Wildness, Wu Tsang, The Tanks, Tate Modern, London
Zoe Pilger is an art critic for The Independent and winner of the 2011 Frieze International Writers Prize. Her first novel, Eat My Heart Out, will be published by Serpent's Tail in February 2014. She is also researching a PhD at Goldsmiths, University of London, on the subject of romantic love and sadomasochism in the work of contemporary female artists. She has appeared on BBC's The Review Show and Sky News
Tuesday 05 February 2013
Nostalgia for more “urgent” times compelled artist and film-maker Wu Tsang, 31, to document the life of a transgender bar called the Silver Platter in MacArthur Park, L.A.
While the ferocity of Stonewall-era protest may have receded, Tsang reminds us in the programme for this absorbing documentary that the average life expectancy of a transgender person worldwide is 23.

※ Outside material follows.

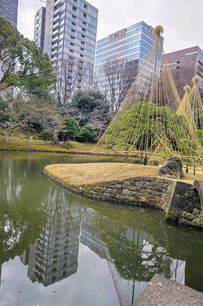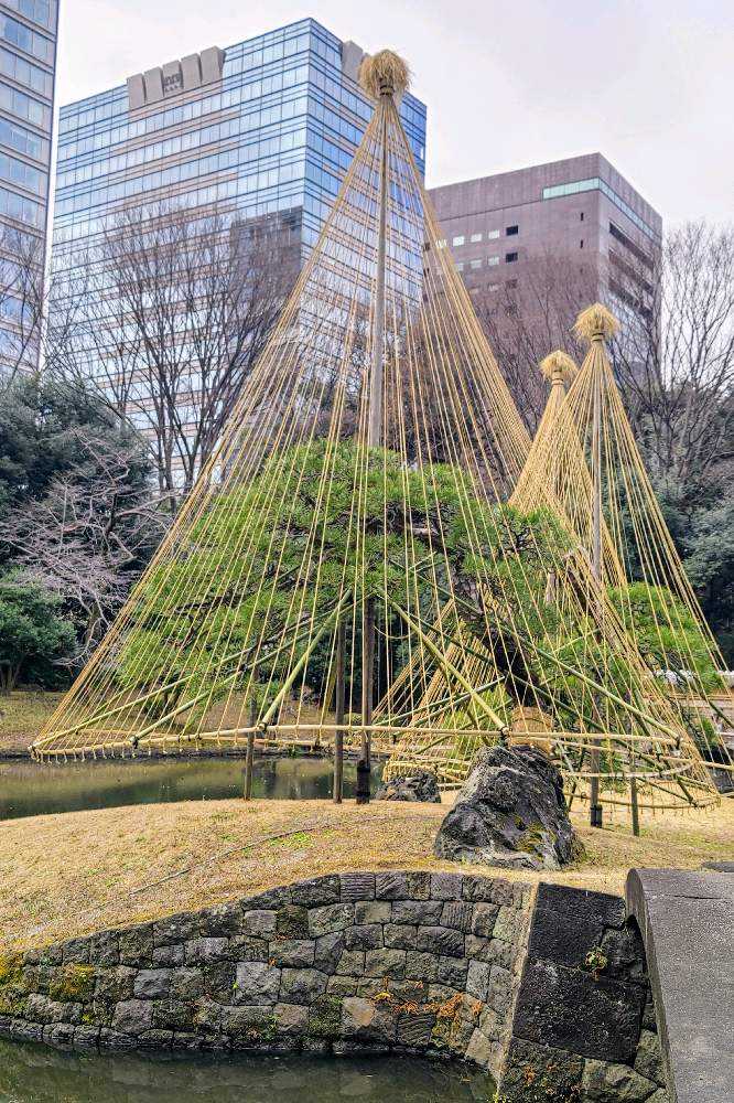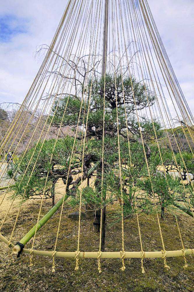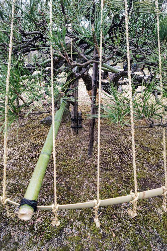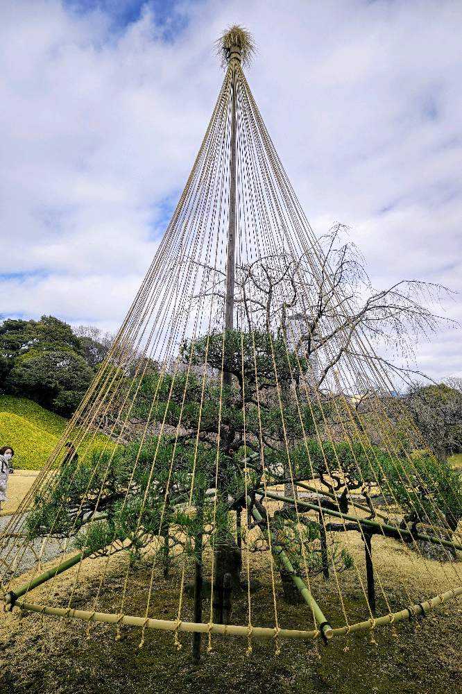 水戸黄門ゆかりの名園、小石川後楽園。この冬は技能員と呼ばれる庭師さんの仕事に魅せられて。初めて目にする雪吊りの美しいこと。冬の設えで景観アップ。

Part of Charming For The Revolution, a two day “experimental congress” on gender politics, the UK premier of the film is a powerful call for a socially engaged kind of art. It is also an exercise in self-mythologization.
Wildness was a Tuesday night party that Tsang and his friends ran at the bar from 2008-10. College-educated hipsters mixed with the local transgender working-class Central American community.
The night became legendary. It attracted so much press that Tsang had to write to various newspapers in order to protect the bar’s status as a “safe space” for those who suffer persecution and even death.
This seems strange – since the film’s US premier last year, the bar has received a vast amount of publicity, which must have altered its clientele. Indeed, the slightly queasy aspect of the project is the self-referencing hipster aesthetic.
Tsang has self-identified as “transfeminine” and “transguy.” He is “multi-multi”: born in Massachusetts of Chinese and Swedish descent. He is stunning and charming, and his charisma carries the film, which is narrated by a transgender Guatemalan actress playing the bar itself.
This is a magical realist twist. Beautiful shots of L.A at night are combined with elliptical statements such as “All anyone can do is show up… and refuse to go away.”
The hipster invasion seemed to be welcomed by the Ramirez family, who has owned the bar since 1963. There are plenty of scenes of transgender middle-aged Mexicans dancing with performance artists and DJs with innovative hair-cuts.
The atmosphere is genuinely electric and the soundtrack of original music by Total Freedom and Nguzunguzu makes you wish you’d been to the party.
Tsang and friends took over the abandoned print shop next to the bar and turned it into a legal clinic, advising immigrants about their rights. The film includes harrowing testimonies about crossing the Mexico-US border and the fear of being deported.
Wildness is indebted to Paris Is Burning, the 1990 documentary about ball culture in Harlem, but it is less savage and astute. Still, Tsang's is an exciting talent.